In 1944 the Minnesota Farmer-Labor movement merged with the Democratic Party to end 26 years of activity as an independent party. Olson’s plan to scuttle the movement was finally achieved by a loose coalition of the “All-Party” politicians, the state employees, the Stalinists, and a block of trade union officials (chiefly in St. Paul and Duluth) who had always been hostile to independent labor politics.

It was because the Farmer-Labor Party was a party of organized labor, a political federation of trade unions, largely financed by a per capita tax from the affiliated unions, that it alone survived of the many third party movements that arose from the political upsurge following the First World War. Both the farmers’ Non-Partisan League and the Working People’s Nonpartisan Political League, which merged in 1923 to create the Farmer-Labor Federation (later the association), were permeated by socialist ideas and stemmed from the socialist movement. It was the political climate created by years of socialist education, and the FLP’s firm trade union base, that permitted Olson to play far to the left of Roosevelt on occasion, in a manner that so captivated Mayer and which he so little understood.

It is not practical to discuss the oversights, misinterpretations, and errors in Mayer’s book. At what level is one to discuss political ideas with an author who believes the Trotskyist leaders of Local 574 held the primitive concept that the general strike is “the most effective weapon of class warfare”? Where is one to begin to discuss trade union problems with a writer who can find equally reprehensible the behavior of employers and police who set a murderous trap for union pickets, and the strike leaders who insist on picketing in the face of employer threats and gunfire?
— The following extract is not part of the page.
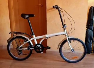 Bicicleta plegable B’Fold (Decathlon) 🚲 Ideal para ciudad, desplazamientos diarios o combinar con transporte público. Se pliega fácilmente, ocupa poco espacio y es muy cómoda de llevar y guardar. ✔️ 6 velocidades ✔️ Ligera y resistente ✔️ Plegado rápido ✔️ Perfecta para trayectos urbanos ✔️ Ajustable en altura ✔️ Ruedas de 20” Tiene signos normales de uso, pero funciona perfectamente.

The best account of the 1934 truck strike is that contained in Charles Rumford Walker’s American City, which also discusses some of the fundamental problems besetting the Farmer-Labor movement. For a socialist criticism of the FLP, the reader is referred to the many campaign leaflets published by the Trotskyists in Minnesota from 1934 on, to an article A Party Without a Program, by Walter Beirce, in the March 1939 New International, and to the article entitled The Minnesota Farmer-Labor Party, by Warren Creel, in the March 1946 Fourth International. This last article, written by the former secretary of the educational bureau of the Farmer-Labor Association, is particularly recommended as correcting the grosser misconceptions of Mayer.

Not that the last word will ever be said on the FLP. In the April 1951 issue of Harper’s Magazine, Samuel Lubell, in an article Who Votes Isolationist and Why, confirmed statistically that one of the factors in the defeat of the FLP in rural Minnesota was the defection of German-Americans who deserted the FLP when its leaders followed Roosevelt down the path to war. According to Lubell, these were the same voters who had earlier left the Democratic Party because of “Wilson’s war ...” Stearns County, Minn., with an overwhelming German-Catholic population, and traditionally Democratic, gave Harding 86 per cent of its vote in 1920; four years later, LaFollette carried the county. In 1940, Roosevelt’s vote in this county dropped 34 percentage points below his 1936 vote.

Lubell shows that in 1918, when the Farmer-Labor label first appeared on the ballot, five of the eight principal German-American counties went for the new party. Between 1936 and 1940 all these counties were to revolt against Roosevelt and the FLP in protest against involvement in a war with Germany. The right-wing “realists” of the Farmer-Labor movement, whom Mayer lauds, lost supporters both in the countryside and the big cities by following Roosevelt’s pro-war policy. Yet so strong was the Farmer-Labor appeal that right up to the end, in 1944, the party was still polling 38 per cent of the state vote. You could read The Political Career of Floyd B. Olson ten times over and still lack an explanation for this political phenomenon.